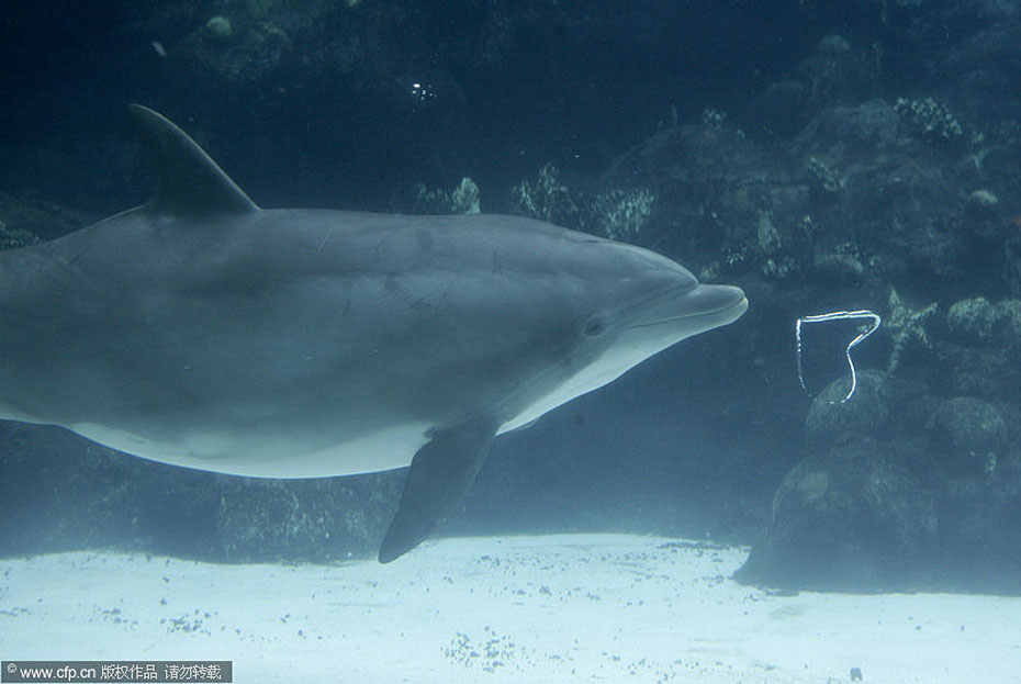 近日,美國(guó)奧蘭多海洋世界的一只寬吻海豚吹出“心形”氣泡,似乎要在情人節(jié)來(lái)臨前夕傳達(dá)濃濃愛(ài)意。圖片來(lái)源:CFP
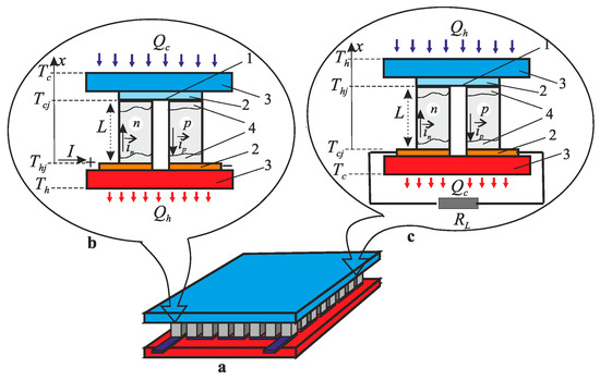 Schematic of TE module (a) and thermocouple converter in cooling mode (b) or power generation mode (c). 1—heat-absorbing thermocouple junction, 2—metallic interconnector, 3—insulating plate, 4—contact zone.
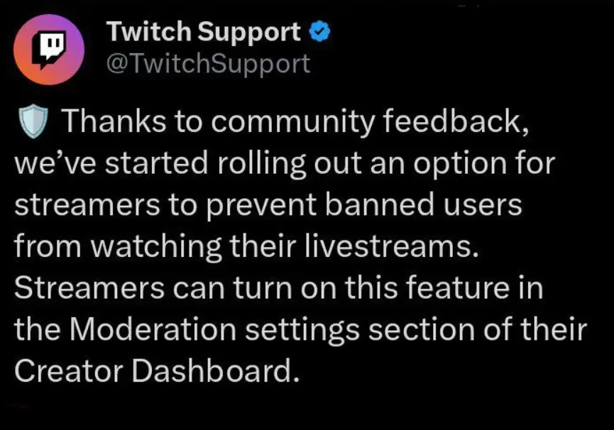 На твиче появится новая функция, которая позволит забаненным пользователям смотреть стримы стримеров, но те не смогут писать ничего в чат. Только так функция будет работать тогда, когда она выключена. Также забаненные не смогут ничего комментировать, а только смотреть небольшие видео и посты от стримеров. Это сделано для того, чтобы стримеры не теряли аудиторию из-за каких-либо возникающих проблем. Однако, если включить функцию, то забаненным пользователи не могут смотреть трансляции, а только посты.
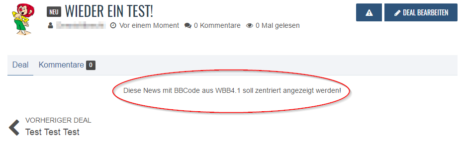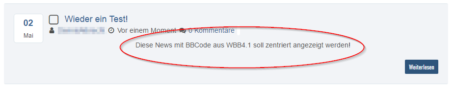 Kopiere ich eine News aus dem alten WBB4.1 mit dessen BBCode zum Zentrieren, dann wird sowohl die News selbst als auch in der Übersicht zentriert angezeigt. Aber diesen BBCode habe ich im WSC ja so nicht mehr zur Verfügung! Da wird ja alles in das HTML Format umgewandelt und ich erhalte die obige fehlerhafte Ansicht. ![]()
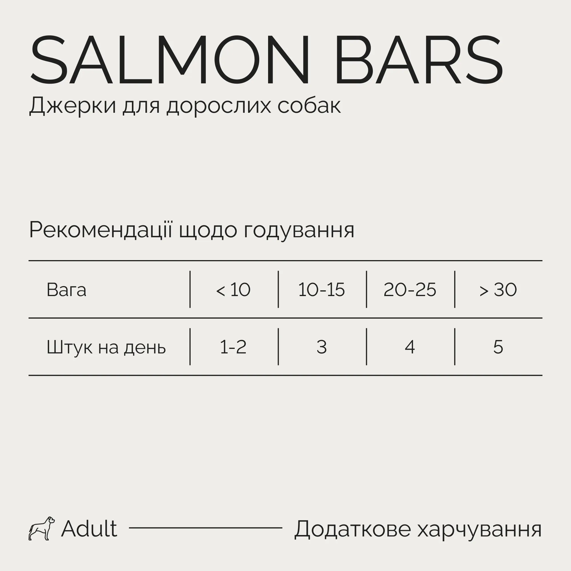 Рекомендації з годування: собаки до 10 кг – 1-2 штуки на день, собаки 10-15 кг – 3 штуки на день, собаки 20-25 кг – 4 штуки на день, собаки понад 30 кг – 5 штук на день.
##############################
*WHAT YOU SHOULD DO*: Print only the lines from the one with "Kopiere ich eine" through the last line of the data above, exactly and with both ends, and please omit any pictures.

*TASK RESPONSE*:
 Kopiere ich eine News aus dem alten WBB4.1 mit dessen BBCode zum Zentrieren, dann wird sowohl die News selbst als auch in der Übersicht zentriert angezeigt. Aber diesen BBCode habe ich im WSC ja so nicht mehr zur Verfügung! Da wird ja alles in das HTML Format umgewandelt und ich erhalte die obige fehlerhafte Ansicht. ![]()
 Рекомендації з годування: собаки до 10 кг – 1-2 штуки на день, собаки 10-15 кг – 3 штуки на день, собаки 20-25 кг – 4 штуки на день, собаки понад 30 кг – 5 штук на день.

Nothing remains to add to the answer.